As Harris explained, safeguards tariffs — allowed under international trade rules — are rarely-used “shock absorbers”, which currently can only be used after the PC has carried out an independent review of the case for them. In March, Labor’s Jason Clare promised to strip the PC of that review role and hand it to the protectionist Anti-Dumping Commission.

Harris also took aim at bilateral trade agreements, of which the PC has a long history of scepticism. Bilateral agreements “are generally pretty poor public policy”, he said, knowing full well the Turnbull government routinely touts such agreements as triumphs of economic policymaking. The greatest economic benefits in trade policy, Harris reaffirmed, came from unilateral tariff cuts, as Australia had done in the 1980s and 1990s.

Echoing concerns previously raised in Commission reports, Harris believes that the rules of origin that inevitably accompany trade agreements (what is an Australian product for the purposes of the China-Australia FTA, for example) have become a new form of non-tariff barrier” that destroy any value from such agreements. The “noodle bowl” of rules, he urged, must be shrunk, not increased with ever more FTAs.
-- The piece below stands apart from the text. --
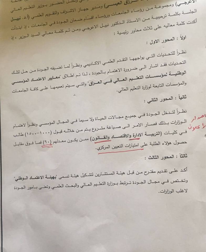 بناءا على مقترح وزارة التعليم العالي والبحث العلمي لخطة قبول الطلبة من ذوي المعدلات (90%) فما فوق فقد قرر مجلس الوزراء اعتماد خطة الموارد البشرية في حقل العلوم الادارية والاقتصادية والمالية والقانونية الواردة في كتاب  وزارة التعليم العالي والبحث العلمي ذي العدد: م.و 1/632 والمؤرخ 24/4/2018 وبحسب الاتي: 1.قبول الطلبة من ذوي المعدلات (90%) فما فوق من خريجي الدراسة الاعدادية/الفرع العلمي (تطبيقي, احيائي) في كليات الادارة والاقتصاد ضمن أقسام (ادارة الاعمال , الاحصاء, الادارة العامة, الادارة الصناعية, المحاسبة ,الاقتصاد, العلوم المالية والمصرفية). 2.قبول الطلبة من ذوي المعدلات (90%) فما فوق من خريجي الدراسة الاعدادية الفرعين(العلمي/تطبيقي أحيائي) والادبي في كليات: القانون والتربية الاساسية بأختصاصاتها كافة ضمن خطة (1000) مقعد على وفق تنوع التعليم.وقد جاء القرار على ضوء أهمية تهيئة نخبة من طلبة الدراسية الاعدادية بخطة شمولهم ضمن القبول المركزي وصولا الى بناء أجيال جديدة تحمل لواء العلم والمعرفة في المجتمع العراقي. علما أن صياغة المشروع يتم من خلاله قبول (1000-1500) طالب في كليات (التربية الادارة والاقتصاد والقانون) ممن يكون معدلهم (90) فمافوق مقابل حصول هؤلاء الطلبة على امتيازات التعيين المركزي.

Today’s Trade and Assistance Review yet again embarrasses both sides of politics with some trenchant observations of the dire state of industry policymaking in Australia. The review shows a big rise in tax concessions for industries in 2016-17, powered primarily by assistance to small business, including the first stage of tax cuts for small business (bizarrely portrayed by the Financial Review’s editors as a ringing endorsement of big business tax cuts). Manufacturing and primary production are (again) the biggest recipients of tariff assistance and handouts; the biggest loser is again construction, which in terms of combined assistance had a net $1.1 billion stripped from it, primarily from dumping tariffs imposed on construction inputs like steel by the Anti-Dumping Commission. The figures make a mockery of the rationale for the 2016 election, and the subsequent re-establishment of the Australian Building and Construction Commission, that the government was committed to greater efficiency in the construction industry.

The Commission also targets national security-related expenditure, complaining that too many decisions that incur major expenditure or inflict costs on business and consumers are made without proper scrutiny. 

The likelihood of being killed or injured in a terrorist act is very low compared to most other causes of death, such as automotive accidents, but media attention and the emotional resonance of terrorism mean that perceived risks are higher … As in many areas of public policy, a crisis is often the trigger for substantial regulatory changes and the allocation of additional government funding … urgent decisions are usually taken behind closed doors … which means that they are not subject to the same external scrutiny as are other areas of public policy … even basic information is difficult to obtain on the level of government expenditure, the precise goals of the expenditure and effectiveness in achieving goals. This creates a barrier to impartial analysis and policy improvement over time. 

The Commission also savages the government’s recent decision to pump billions of dollars of assistance into a Defence Export Facility, noting “given the stated rationale is to fill a ‘market gap’ this would necessarily be on terms more favourable than available from commercial lenders. But the justification for assistance appears to be simply about a desire to sustain and grow an industry that has historically been an expensive failure in Australia.”

The review should be a must-read for politicians and media commentators. More likely, it will be ignored as politically inconvenient.